The businessman also complained that state Air Resources Board regulations forced him to abandon use of his garbage company trucks because of age.

He was just one of many who signed the petition set up by Modesto retirees Connie Goesch and Phyllis Lawlor.

Brandy Nowaya of Ceres stopped after seeing the booth while gassing up across the street at the AM/PM.

“I just don’t think things are going well under him,” said Nowaya. “I think he’s signing bills that are not important and he needs to really focus on what’s going on here. We have a homeless issue, a border issue, we have a lot of issues that are way more important than signing a bill that our kids, the bells can’t ring until 8:30. That’s stupid.”

Goesch, who is a member of the Central Valley Patriots, regularly makes her rounds in various local towns in the effort to recall the newly seated governor.

“I’m retired and I cannot sit around and keep on bitching about this if I’m not doing anything about it,” said Goesch. “Jerry Brown started it and Gavin Newsom is just destroying us. He’s not even been in there a year and look at what he’s done. This in non-partisan; we have Democrats signing, we have Libertarians and Republicans signing. We also have people changing their party status.”

Goesch said Californians are upset up the recent gas tax increase, Newsom’s push to fund free healthcare for illegal aliens on the backs of taxpayers, the attack on Proposition 13, tying the hands of police officers in the use of lethal force, sanctuary state policies of protecting illegal immigrants from federal ICE agents and the unconstitutional push to make President Trump to release his tax returns in order to be on the ballot in California.

Lawlor said she’s upset that state lawmakers are releasing inmates out of state prisons before their full sentences are served and telling voters he supported the death penalty only to enact a moratorium on capital punishment sentences. She said voters were tricked into voting for Proposition 6 to keep the SB 1 gas tax through misleading ballot language supported by state Democrats including state Attorney General Xavier Becerra. Instead of describing it as a repeal of gas taxes, the official title was “Eliminates certain road repair and transportation funding. Requires certain fuel taxes and vehicle fees to be approved by the electorate.”

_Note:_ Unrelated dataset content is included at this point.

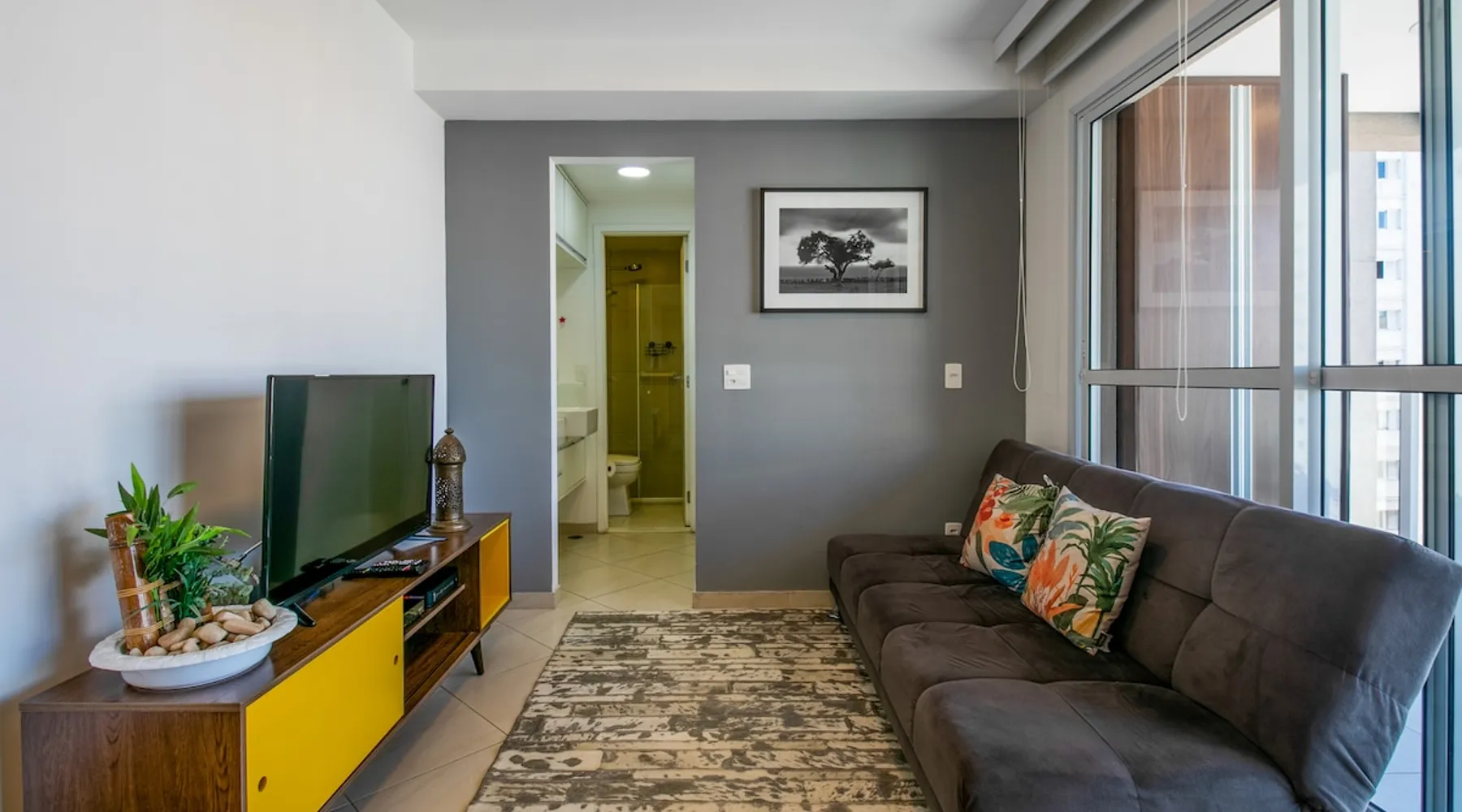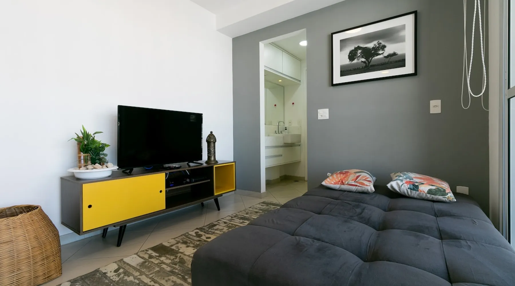 Welcome to your modern 1-bedroom apartment in Consolação (Rua Augusta, 810). ~50 m², sleeps 4. Linens & towels included. Sofa-bed in living room Equipped kitchen (fridge, oven, microwave, freezer, utensils, coffee maker, toaster) Washer/dryer Air-conditioning Fast WiFi (100 Mb/s) Private balcony 32" Smart TV + basic cable Nearby: Paulista Ave 10–15 min walk, Frei Caneca Mall 7 min, MASP 1.1 km, Parque Augusta 2 min. Metro: Yellow 7 min, Green 11 min. Easy bus, taxi & ride-share. The space - Well located 1 bdr apt., at Paulista Ave. near 2 metro lines ( Yellow 7 min. walk) & (Green 11 min. walk) - Modern Building in a great location with 24h security & Coworking space - Room keeping on demand - 100Mb/sec WiFi & Air-Con - Washer/Dryer in the apt. - Spacious 550 sqf. + terrace - Fully equipped open plan kitchen - Small Garden View - 32" Smart TV (We do not provide login access to streaming platforms) - Basic cable - Coffee machine - Carpark w/ direct access - Swimming pool - Gym, Fitness Center, Sauna Guest access Totally exclusive 1 bedroom apartment with balcony. Guest can access shared building facilities: FREE car parking on premises. Swimming pool Gym/fitness Business center Meeting room (Based on availability - please schedule ahead) Other things to note Free secure garage parking Check-in available 24 hours Gym & pool require appointment Extra bed (floor mattress) free of charge Baby crib available on request Pet fee: R$ 125 one-time per stay Early check-in / Late check-out: upon request, subject to availability and possible fee Important: Photo ID of all guests must be submitted in advance for building access. For garage use, license plate, make & color of vehicle must be provided.

“Everyone we’ve talked to thinks it was crooked the way it was written,” said Lawlor. “It was just misunderstood.”

Goesch said she appreciates how Sheriff Jeff Dirkse has followed law by turning over illegal aliens who have committed crimes over to federal immigration authorities.

This was the second time Goesch set up a petition drive in Ceres. The last time she collected 133 signatures.

In a day outside of the Modesto Costco she and others collected over 300 signatures. That was the day Goesch was called names by a woman opposed to the recall.

“I had one looney woman come up and yelled at the top of her lungs, ‘You’re KKK, a fake Christian and f*** you, b****.’ And she drove around the block screaming out of the window again.”

Lawlor said she’s seen “a lot of birds” flashed as motorists drive by.

The petition would need to amass 1.5 million signatures by February to land a spot on the November 2020 ballot, which would ask voters to consider recalling the Democratic governor who was elected over Republican John Cox by a margin of three million votes in 2018.

Complicating matters is the fact that there are two independent petitions being circulated which apparently won’t be counted as one. That could dilute the strength of recall efforts. One effort is being organized by La Jolla physician James Veltmeyer. The petition circulated in Ceres last week is the one organized by congressional candidate Erin Cruz of Palm Springs who cited his Medicare for All proposal and laws helping immigrants living in the country illegally.